Advances in gene editing technology have spurred considerable progress towards a treatment for Duchenne muscular dystrophy (DMD). Although the disease is rare – affecting roughly 1 in 5,000 male births – its consequences are devastating: patients are confined to wheelchairs at an early age and often succumb to heart or respiratory failure in their twenties or thirties. No treatments are currently available, but three separate labs have used CRISPR/Cas9, the much-publicized DNA editing system, to address the root cause of the disease. DMD is caused by mutations that alter the function of a protein called dystrophin, which is required for proper muscle function. It could be beneficial, therefore, to excise the regions of the gene that harbor those harmful mutations. Encouragingly, mice with DMD that were treated in this manner saw a rise in functional dystrophin levels and alleviation of disease symptoms.
While the underlying science is sound, many hurdles still stand in the way of therapeutic relevance. Previous gene editing efforts regarding DMD were performed in mouse embryos, but leading geneticists have recently called for a moratorium on such manipulation of human embryos until careful research identifies and mitigates any safety concerns. One such strategy to circumvent this problem, as implemented by Dr. Amy Wagers, involves selective editing of the cells that continuously generate new muscle cells – muscle stem cells – in live mice. Tailoring these changes to a specific group of cells should quell some of the (understandably worrisome) effects of having a DNA-altering virus coursing through your blood stream. We have only begun to explore the implications of gene editing technology, but that’s why its therapeutic potential is so exciting.
Acknowledgments: Many thanks to Emma Vaimberg, a Research Associate at the Broad Institute of Harvard & MIT, for providing her expertise and commentary on the topic.

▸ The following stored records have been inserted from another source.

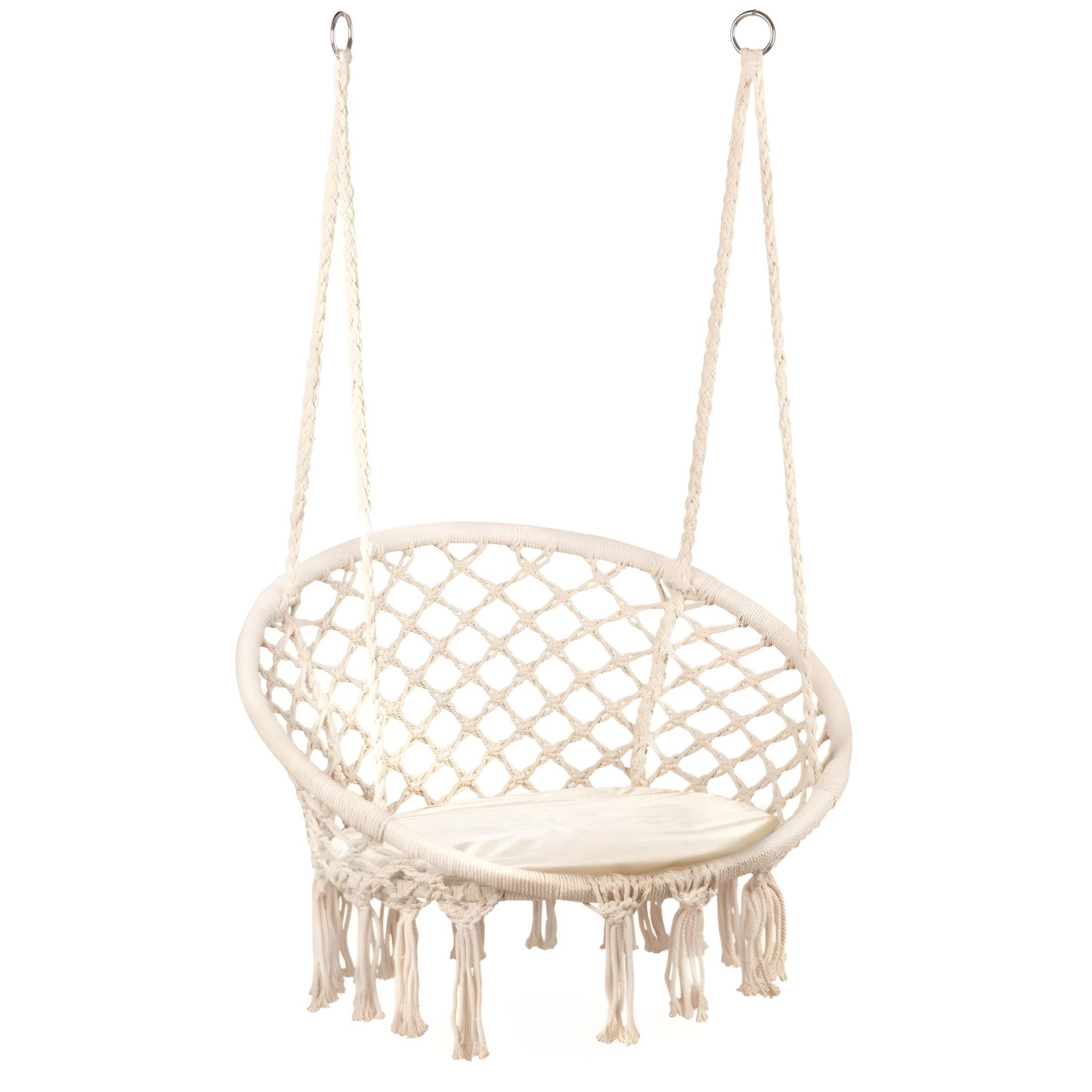 Стиль гойдалки дозволяє кріслом розгойдуватися вперед і назад. Щоб встановити його таким чином, помістіть два гачки/анкери в стелю або повісьте гойдалки на каркас. Подавайте собі класичні гойдалки у вигляді зручного крісла в стилі бохо.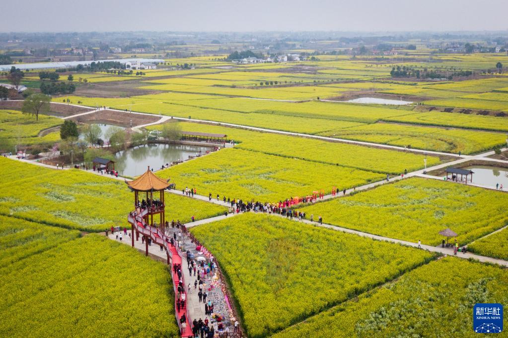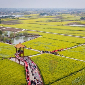 湖北省沙洋縣常年種植油菜面積70余萬畝,當地油菜花海深受游客喜愛。2023年3月以來,在沙洋縣油菜花節核心景區曾集鎮張池村等地,游客成群結隊,在金黃色的田野中徜徉,感受美好春光。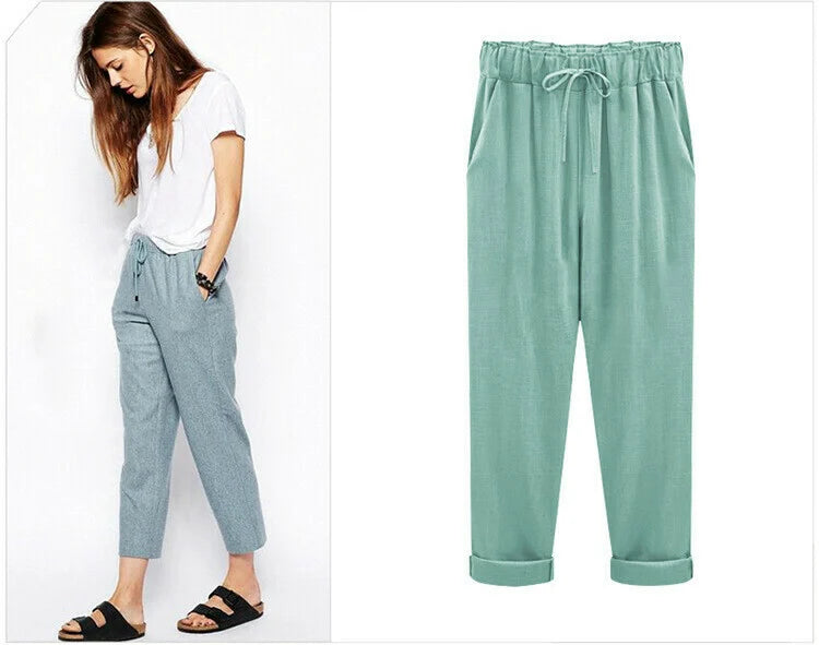 Plus Size Solid Color Elastic Waist Loose Cropped Trousers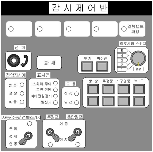 ✔ 2025년 11월 강습교재 개정판 내용으로 문제 반영되어 있음 21. 다음 그림에서 수신기의 점검항목에서 회로별 감지기의 배선의 정상여부를 확인하고자 한다. 수신기의 스위치 중 어느 것을 눌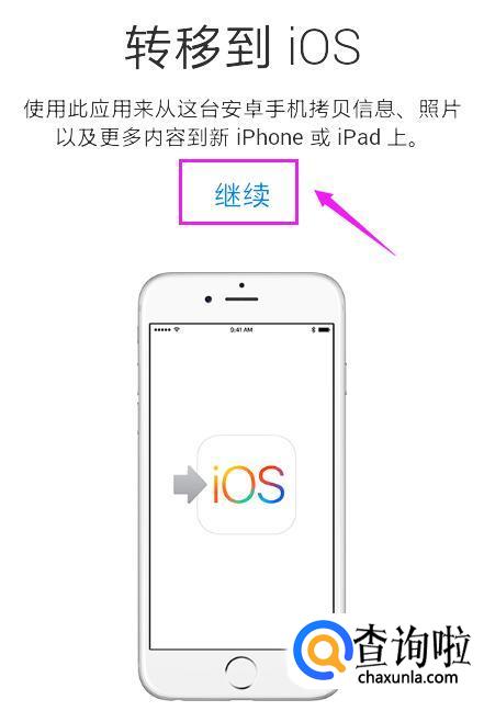 下载安装完成后,打开“转移到iOS”,点击【继续】。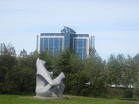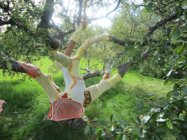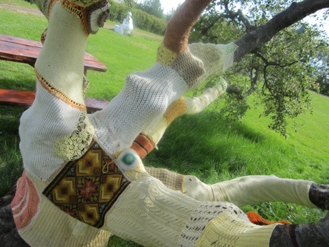 There was a tree in his sculpture garden that had been knitted. We have seen light poles and parking signs knitted in Berkeley, but I though this was pretty cool. And some sort of interesting artistic statement, maybe even feminist statement creating this in the middle of plaster and bronze.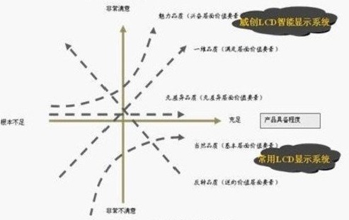 LCD市場(chǎng)的“紅海”。將面板和獨(dú)立的處理器等“拼湊”在一起,很多企業(yè)都能做到,滿足的是LCD中高端市場(chǎng)用戶的一般需求,這在卡諾(Kano)模型里被稱為“當(dāng)然品質(zhì)”(如圖3)。這導(dǎo)致很多企業(yè)同質(zhì)化競(jìng)爭(zhēng),在“紅海市場(chǎng)”里苦苦掙扎。
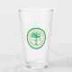 Glass Cup with emblem of city of Miami, Florida; flag with three horizontal bands of orange, white and green with emblem with an illustration of a palm tree in the center

Managing Correspondent: Christopher Gerry
Original Research Articles: Postnatal genome editing partially restores dystrophin expression in a mouse model of muscular dystrophy – Science; In vivo genome editing improves muscle function in a mouse model of Duchenne muscular dystrophy – Science; In vivo gene editing in dystrophic mouse muscle and muscle stem cells – Science
Media Coverage: Gene Editing Offers Hope for Treating Duchenne Muscular Dystrophy, Studies Find – New York Times
Related SITN Articles: CRISPR: A game-changing genetic engineering technique; DNA editing in humans: Biologists preach prudence
Correction (Jan. 13, 2016): An earlier version of this article mistakenly claimed that the three recent Science papers regarding DMD focused on embryonic gene editing in mice. These papers, instead, discuss gene editing in live mice; experiments in mouse embryos had previously been performed in 2014.
2 thoughts on “Gene editing emerges as a new therapeutic strategy for Duchenne muscular dystrophy”
From the sequences of the gRNAs reported in these articles, most of the detected dystrophin is more than likely the result of gRNA oligo-induced exon skipping of the exon 23 at the RNA level rather than the edited removal of the dystrophin exon 23 at its genome. This can also be judged by their own report that only up to 2% of the genomic sites were corrected. This level of gene editing is expected as AAV mediated delivery is so effective for the muscles especially cardiac muscle. it is sad to see how easily fact can be misinterpreted to feed individual’s desire and need.
Totally agreed. Viral vector-based gene editing still has a long way to go (especially with regard to editing efficiency) before it becomes a practical therapeutic strategy. A comprehensive understanding of the relevant biology may also help us better realize why certain phenotypes and therapeutic outcomes translate from model organisms to humans and others don’t (but that’s a separate issue entirely).